Freedom Of Expression In Sri Lanka, Circa 2011
By Indi Samarajiva
Reporters Sans Frontiers has protested the lack of freedom of expression in Sri Lanka. Their main target seems to be the government, though they have taken shots at the entirely unrelated Galle Literary Festival. They may, however, have a point, even if the GLF boycott has missed it. Freedom of expression has suffered in Sri Lanka, just not in the ways one might expect.
RSF’s 2010 Press Freedom Index has Sri Lanka at number 158, nearly tied with Saudi Arabia. This makes the rankings somewhat suspect. In Saudi Arabia, all newspapers are owned by the royal family or their associates. All TV and radio stations are government owned. Saudi journalists are forbidden by law to criticise the royal family or religious authorities and writers and bloggers are routinely arrested.

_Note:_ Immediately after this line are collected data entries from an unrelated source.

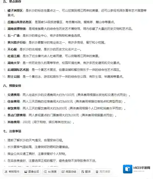 2,比如说向豆包提问“去长沙需要注意哪些地方,预算2000给我一个三天四晚的两人出行方案,包括交通,住宿,美食,景点推荐”,只需要等待几秒钟,豆包就能给出一份详细的长沙旅游攻略。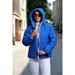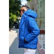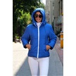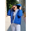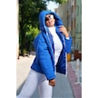 Kadın Saks Mavi Su Geçirmez Kapüşonlu Şişme Mont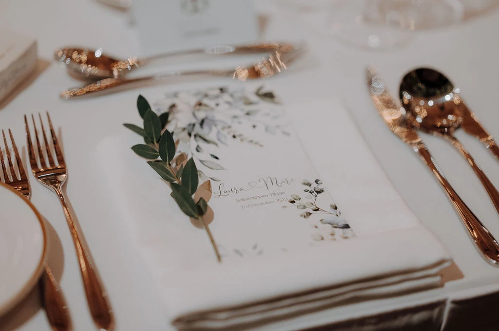 Ballymagarvey is known for its breath-taking décor in the dining room and so, we didn’t need to add much more. Our fabulous flowers were by Ali from The Tangled Bramble who, in addition to Ballymagarvey’s gorgeous décor, added some beautiful finishing touches to our tables and candelabras.

Sri Lanka is obviously not this bad. There is independent media and the government is quite roundly criticised both online and off. If there was a literary festival in Saudi Arabia it would be a farce, but Sri Lanka is, in reality, much more free than the Kingdom. This does not, however, mean that expression is truly free. Sri Lankan repression of speech is more subtle, but still very real.

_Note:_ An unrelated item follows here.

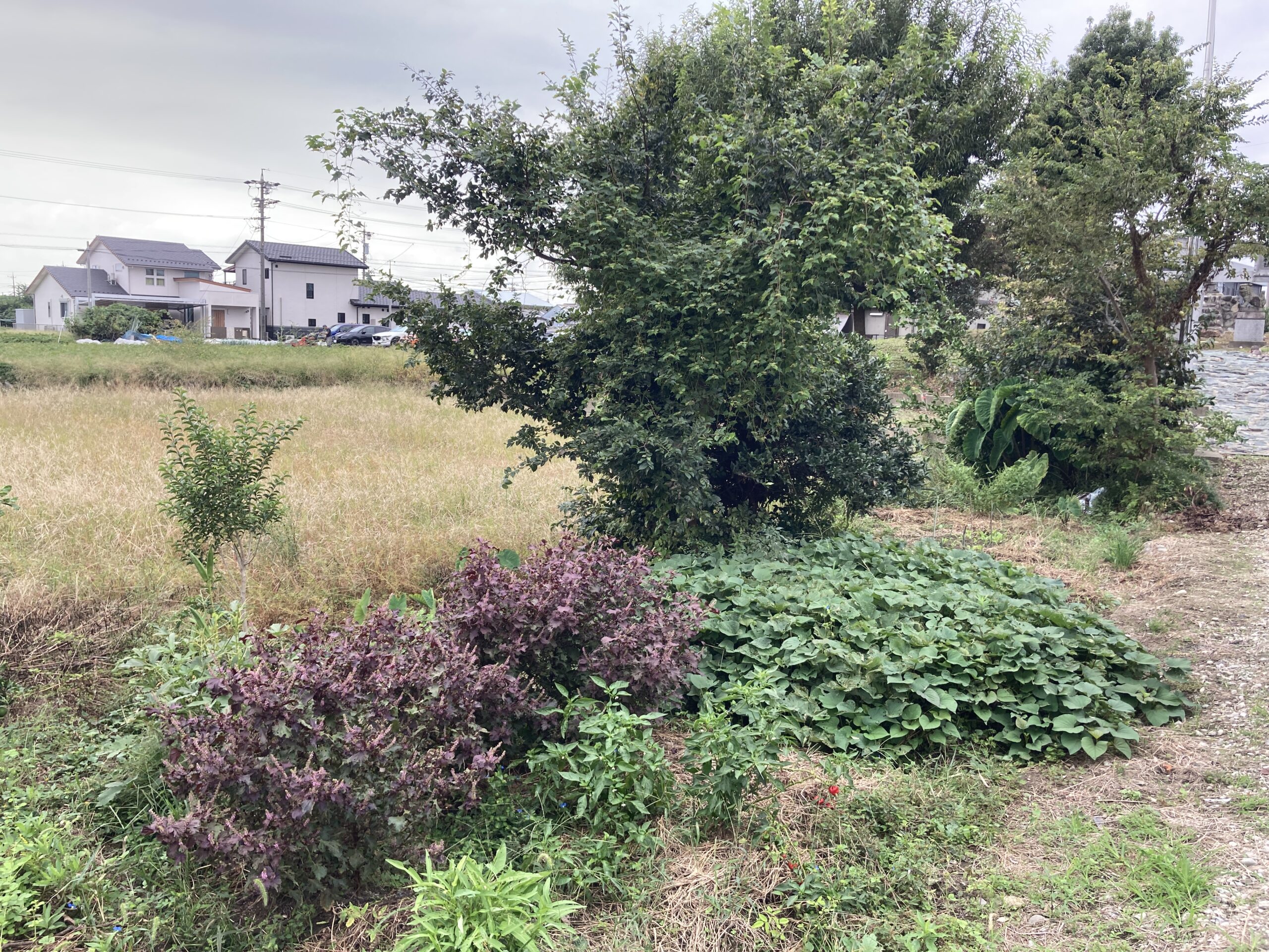 この畑には前の人が植えていたのか、勝手に赤紫蘇が生えてきています。赤紫蘇が問題無く生えてくるのであれば、大葉も問題無く育つと思います。

I was recently in the office of the head of a large media company. Quite casually, he mentioned that they screen certain stories for political content and pull them if they think it would jeopardise the company. This essentially, is the nature of censorship in Sri Lanka today. The government has made it in the media’s self-interest to practice self-censorship.

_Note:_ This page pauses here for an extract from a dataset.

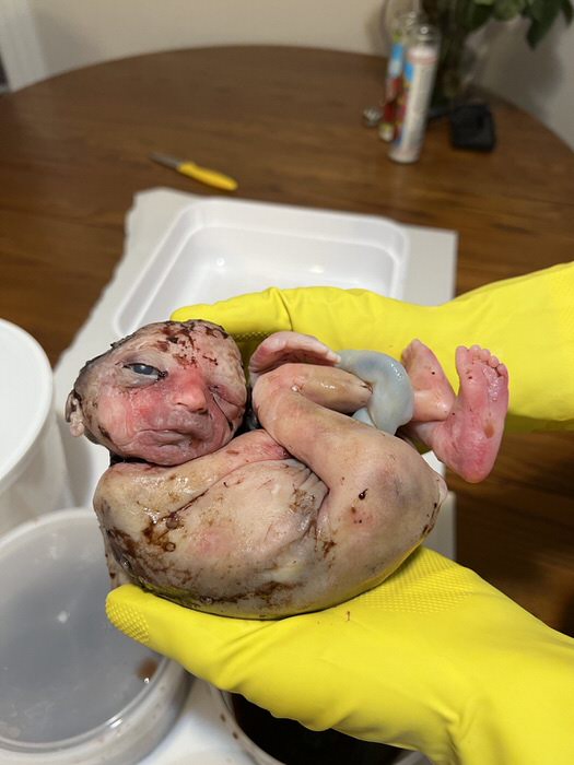 Zwar ist das Geschlecht nicht bekannt, aber das Baby ist in seiner intakten Fruchtblase zu sehen. Vermutlich wurde das Kind getötet, indem die Nabelschnur des Babys durchtrennt und gewartet wurde, bis das Kind schließlich an Herzstillstand verstirbt. Vermutlich war es so, dass die Abtreibungsärzte dabei das Gesetz zur Teilgeburtsabtreibung umgehen wollten, indem sie das Kind töteten, bevor es den Körper der Mutter verlässt.

Censorship is easy to see. The government occasionally seizes shipments of the Economist magazine at customs or has, in the past, shut down radio stations. Even censorship by proxy leaves obvious marks.
During the war, the presses of The Sunday Leader were burnt, its Editor killed, the offices of Sirasa TV were attacked, etc. While the government may not be involved, it remains implicated by its lack of investigation. While they may not have conducted the attacks, they certainly didn’t appear to care, making such extra-legal activity tacitly OK.
When the government was fighting the war in earnest, restrictions on media and expression rose dramatically. Mahinda Rajapaksa and Gotabaya Rajapaksa were quite public in their belief that one was either with the war effort or against the country, and the latter was quite vehement in his belief that military matters should not be reported on. Perhaps no less sensitive was then Army Commander Sarath Fonseka.
This could be seen in that Sri Lanka was rated worse and worse by even the flawed RSF metrics in 2008 and 2009. It was strikingly obvious on the ground, especially as journalists — particularly those covering defense matters — were routinely assaulted or abducted, leading many others to flee. This tacit censorship reached a head with two cases, the assassination of Lasantha Wickrematunge and the arrest and trial of J.S. Tissainayagam. The clear message sent by the government was that both prominent and humble journalists could have their lives ended or destroyed if they stepped out of line.
Lasantha was a prominent editor, the local TIME magazine correspondent and a lawyer. He was also personally known to President Mahinda Rajapaksa, the Bandaranaike family and Ranil Wickremesinghe, having worked with them all before. When he was so blatantly killed and when the investigation was so blatantly sidelined, the message was clear. Even the most prominent journalist can be put down.
Tissainayagam was a different case. He published a magazine with a small circulation which included some articles on the war which few people saw. Yet, for that offense, he was arrested, kept in jail and subjected to a rigourous trial and then sentenced to 20 years of hard labour.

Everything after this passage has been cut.